(ENTRIES PROVIDED Opens)

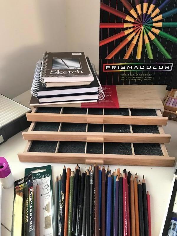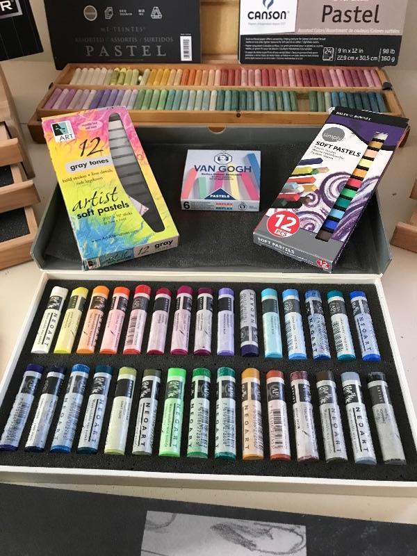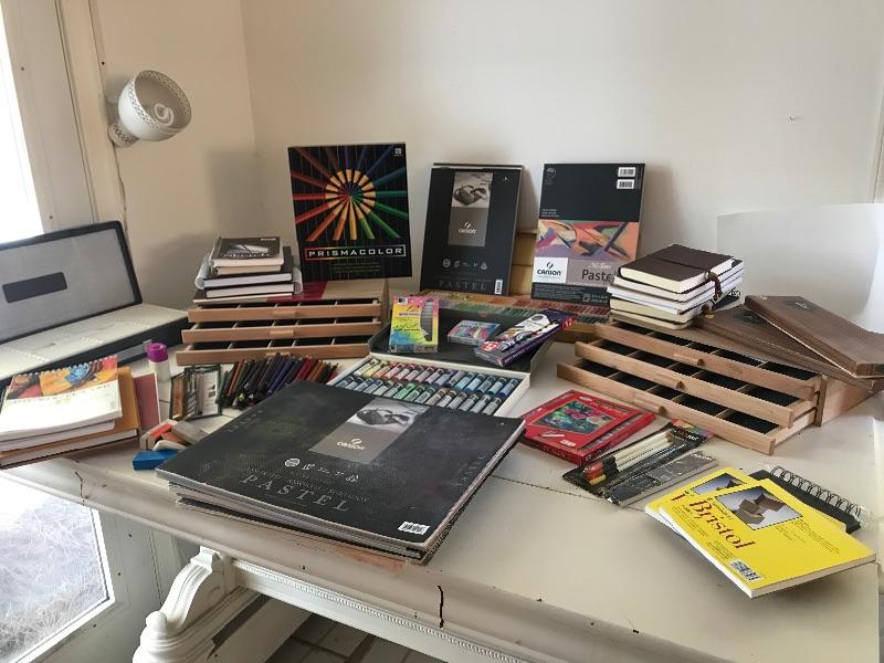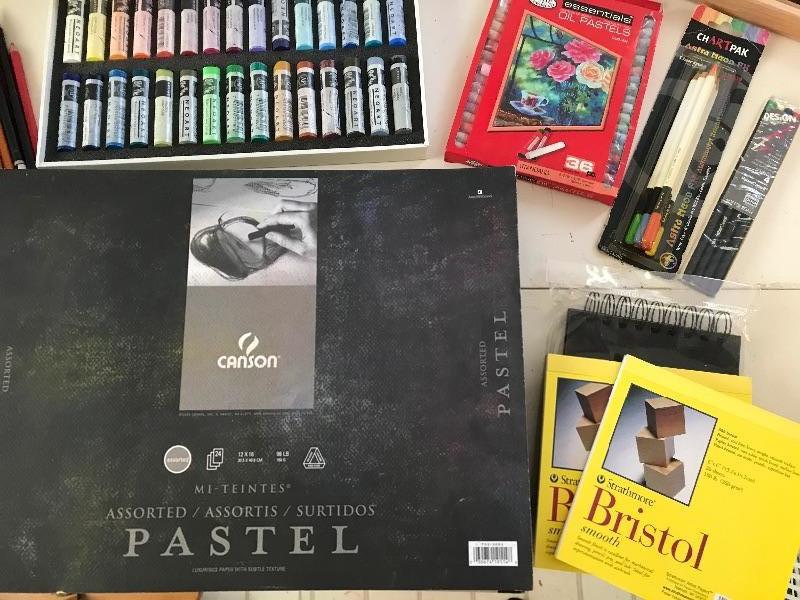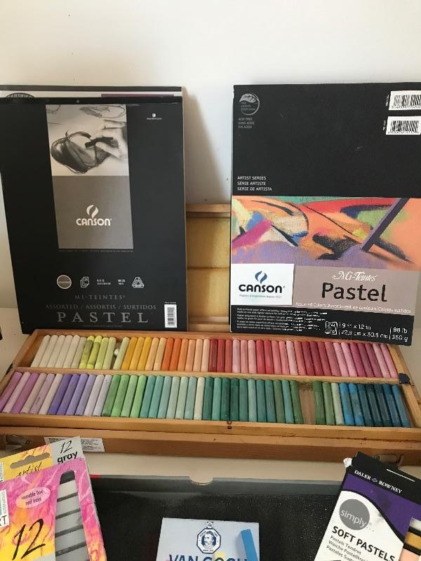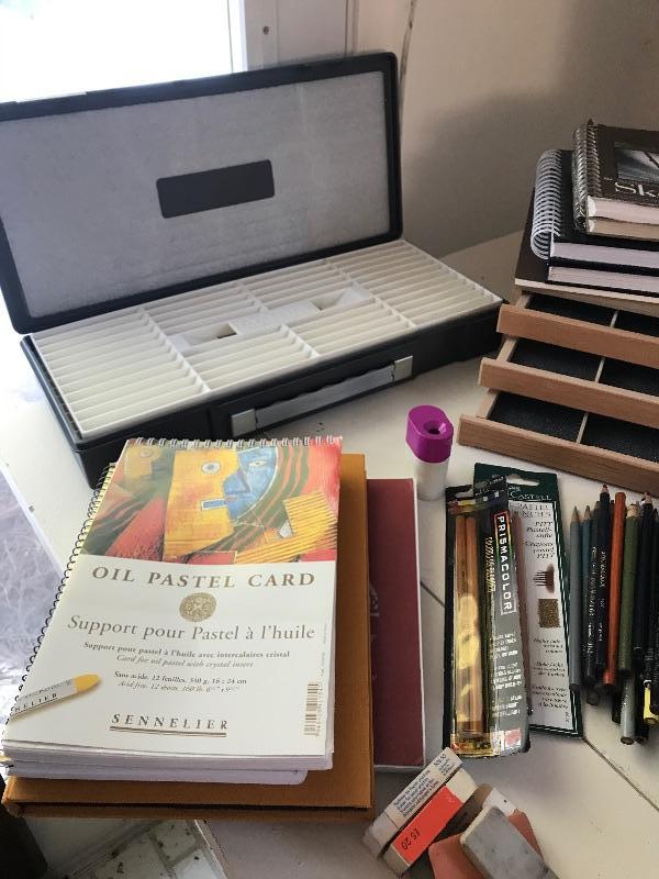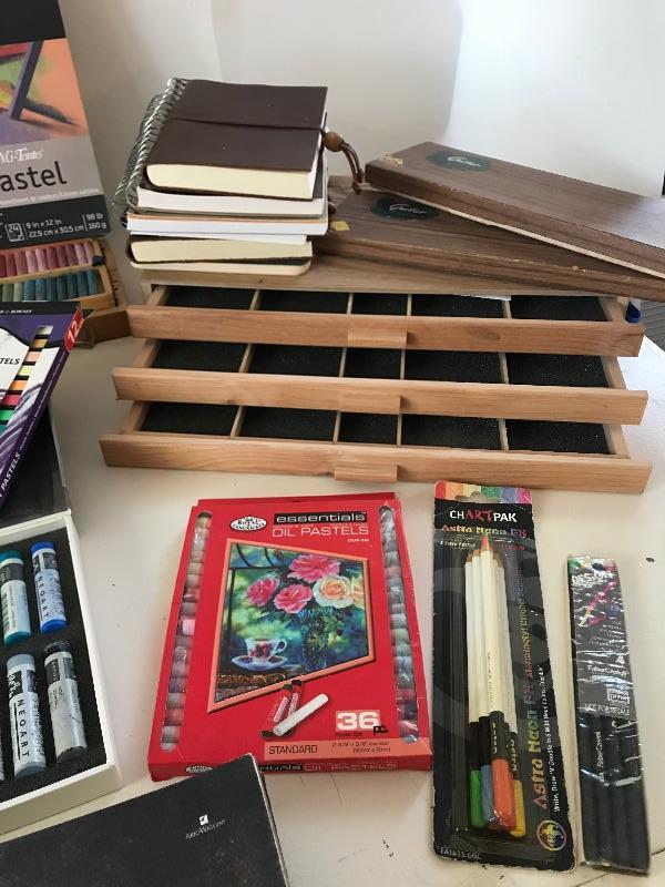 Many pastels , two 3 drawer wooden lined storage boxes, one plastic storage box, plenty pads of paper and pencils
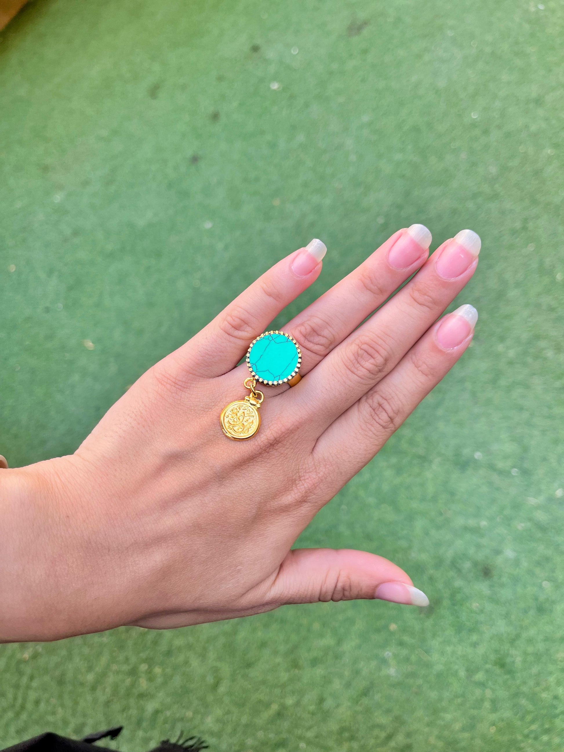 This is a bohemian-style statement ring centered around a large, circular cabochon stone in a brilliant turquoise color. The stone is set in a prominent gold-tone bezel that features a serrated or sunburst-style edge, adding texture and detail.
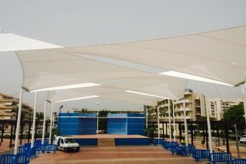 Manufacture and installation of 12 20m2 tensed paraboloid membranes and a central 44 m2 one, in white and blue. Architect: Ignacio Sánchez González Engineer: Gustavo Ramírez Lares Project Execution: Uxcar 97, S.L. Location: Parada autobuses de Nerja, Málaga Date: … Continue reading
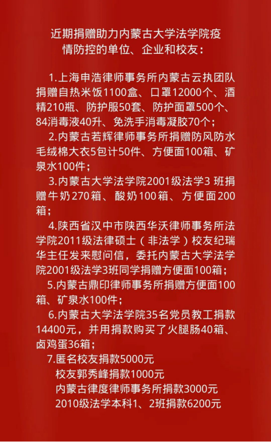 大道不孤,大爱无疆。呼和浩特疫情以来,BB贝博艾弗森官方网站收到了来自四面八方的援助与捐赠,这些温暖的瞬间,为疫情防控注入源源不断的动力。我们再一次向在危难之中伸出援手的单位、企业、校友和党员教工表示感谢。我们相信,只要我们共同努力,就没有跨越不了的难关。希望疫情早日退散,风雨过后,必见彩虹!
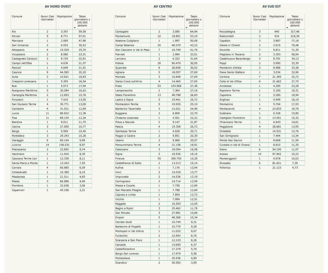 “I nuovi casi registrati in Toscana sono 491 su 19.442 test di cui 8.243 tamponi molecolari e 11.199 test rapidi. Il tasso dei nuovi positivi è 2,53% (8,8% sulle prime diagnosi).
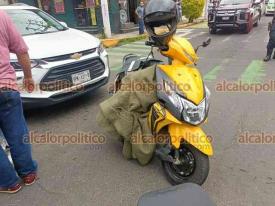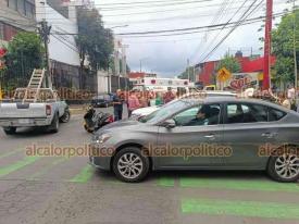 Xalapa, Ver., 28 de septiembre de 2023.- Dos adultos mayores que circulaban en motocicleta, resultaron lesionados en accidente sobre la calle Herón Proal, esquina Francisco Moreno; fueron trasladados a hospital para su atención médica.

(ENTRIES PROVIDED Closes)

▸ TASK PROMPT
The answer must consist solely of the lines from the line containing "This is a bohemian-style" to the end of the data, reproduced exactly, with every picture left out.

▸ RESULT OF THE EXERCISE
 This is a bohemian-style statement ring centered around a large, circular cabochon stone in a brilliant turquoise color. The stone is set in a prominent gold-tone bezel that features a serrated or sunburst-style edge, adding texture and detail.
 Manufacture and installation of 12 20m2 tensed paraboloid membranes and a central 44 m2 one, in white and blue. Architect: Ignacio Sánchez González Engineer: Gustavo Ramírez Lares Project Execution: Uxcar 97, S.L. Location: Parada autobuses de Nerja, Málaga Date: … Continue reading
 大道不孤,大爱无疆。呼和浩特疫情以来,BB贝博艾弗森官方网站收到了来自四面八方的援助与捐赠,这些温暖的瞬间,为疫情防控注入源源不断的动力。我们再一次向在危难之中伸出援手的单位、企业、校友和党员教工表示感谢。我们相信,只要我们共同努力,就没有跨越不了的难关。希望疫情早日退散,风雨过后,必见彩虹!
 “I nuovi casi registrati in Toscana sono 491 su 19.442 test di cui 8.243 tamponi molecolari e 11.199 test rapidi. Il tasso dei nuovi positivi è 2,53% (8,8% sulle prime diagnosi).
 Xalapa, Ver., 28 de septiembre de 2023.- Dos adultos mayores que circulaban en motocicleta, resultaron lesionados en accidente sobre la calle Herón Proal, esquina Francisco Moreno; fueron trasladados a hospital para su atención médica.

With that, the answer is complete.